Thoracic pain
Background
Thoracic disc herniation (TDH) is an uncommon and underreported entity that is often challenging to diagnose because of a relative paucity of examination findings and because of its nonspecific presentation.
The number of patients with objective neurologic findings due to thoracic disc herniation is low, and most patients can be treated with a conservative approach without surgical intervention. [1, 2]
Epidemiology
Frequency
United States
Asymptomatic thoracic disc herniations are relatively common in the general population. Autopsy studies have shown that the prevalence rate ranges from 7-15%. The prevalence of asymptomatic disc herniations found radiographically varies with the imaging modality used. Awwad et al showed that 11-13% of asymptomatic subjects were found to have thoracic disc herniation on compute tomography (CT) myelograms, [3] whereas Wood et al showed 37% of such individuals were found to have thoracic disc herniation on magnetic resonance images (MRIs). [4]

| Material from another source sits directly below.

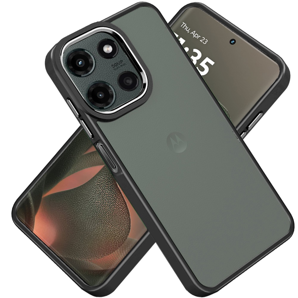 For Motorola Edge 2025 Polished Oil Thick Acrylic Metal Button Hybrid Case Cover - Black
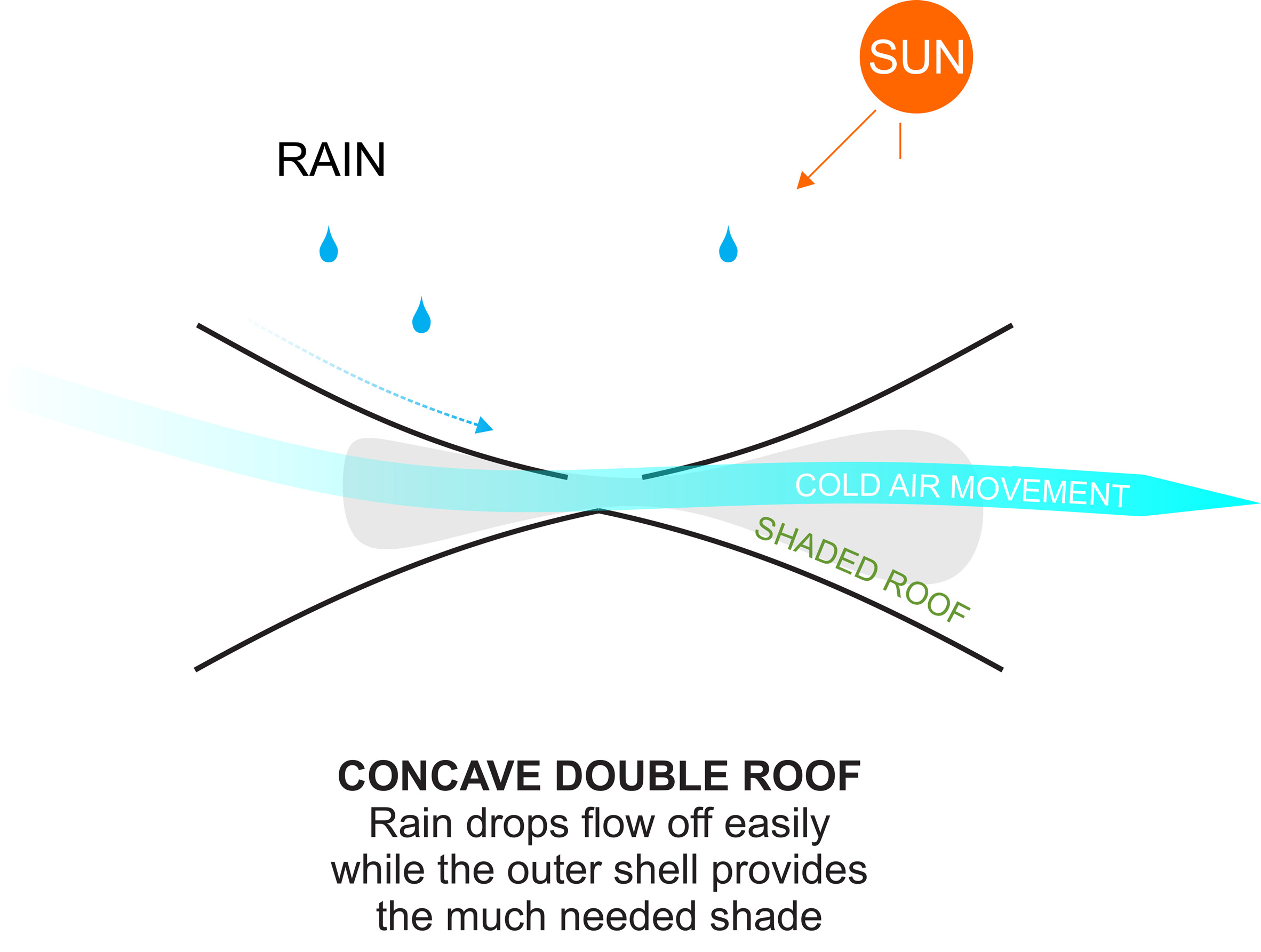 Dvojitý strešný systém tvorí klenutá strecha pod spádovou oblasťou v tvare misy, navrhnutá tak, aby zachytila aj tie najmenšie kvapôčky vody. Tie následne stekajú dolu a zhlukujú sa do väčších kvapiek, ktoré sa nahromaždia v nádobe ešte pred ich vyparením. Vďaka tieňu a pohybu vetra medzi dvoma strechami je zároveň podporované aj prirodzené chladenie.

Despite the relatively high frequency of asymptomatic disc herniations, symptomatic disc herniations occur in a range from 1 in 1000 to 1 in 1 million persons. The number of patients with objective neurologic findings due to thoracic disc herniation is thought to be closer to 1 in 1 million annually.
Although the frequency of thoracic discectomies is increasing, they are still performed much less frequently than discectomies in the cervical or lumbar regions. These procedures represent approximately 0.13-0.15% of admissions for disc disease and from 0.2% to 4% of all discectomies.
Functional Anatomy
The thoracic region of the spine is relatively inflexible and functions primarily to provide erect posture and assist in weight bearing of the trunk, head, and upper extremities during daily activities. The vertebral bodies are taller posteriorly than anteriorly, resulting in an anterior concavity and normal thoracic kyphosis.

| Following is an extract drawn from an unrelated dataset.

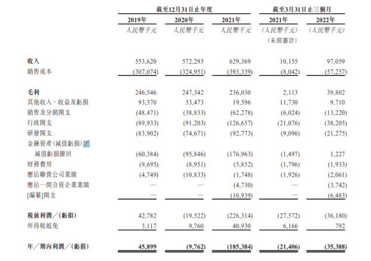 2019年-2021年及2022年第一季度,公司收入分别为5.54亿元、5.73亿元、6.3亿元和9705.9万元;期内利润分别为4589.9万元、-976.2万元、-1.85亿元和-3588.8万元。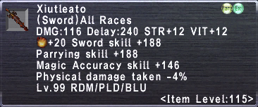DMG: 116 Delay: 240 STR +12 VIT +12

In the thoracic spine, the addition of the sternum, the ribs, and their associated ligamentous structures provide additional support and rigidity. The 10 most superior ribs articulate anteriorly with the sternum and posteriorly with the transverse processes and vertebral bodies. These ribs are oriented vertically, with slight medial angulation in the coronal plane. This arrangement provides the thoracic spine with relatively good stability in the midsagittal plane. However, it also affords less stability in the lateral and rotational planes. Biomechanical studies have shown that thoracic intervertebral discs are most susceptible to injury when torsional and lateral forces are applied in tandem.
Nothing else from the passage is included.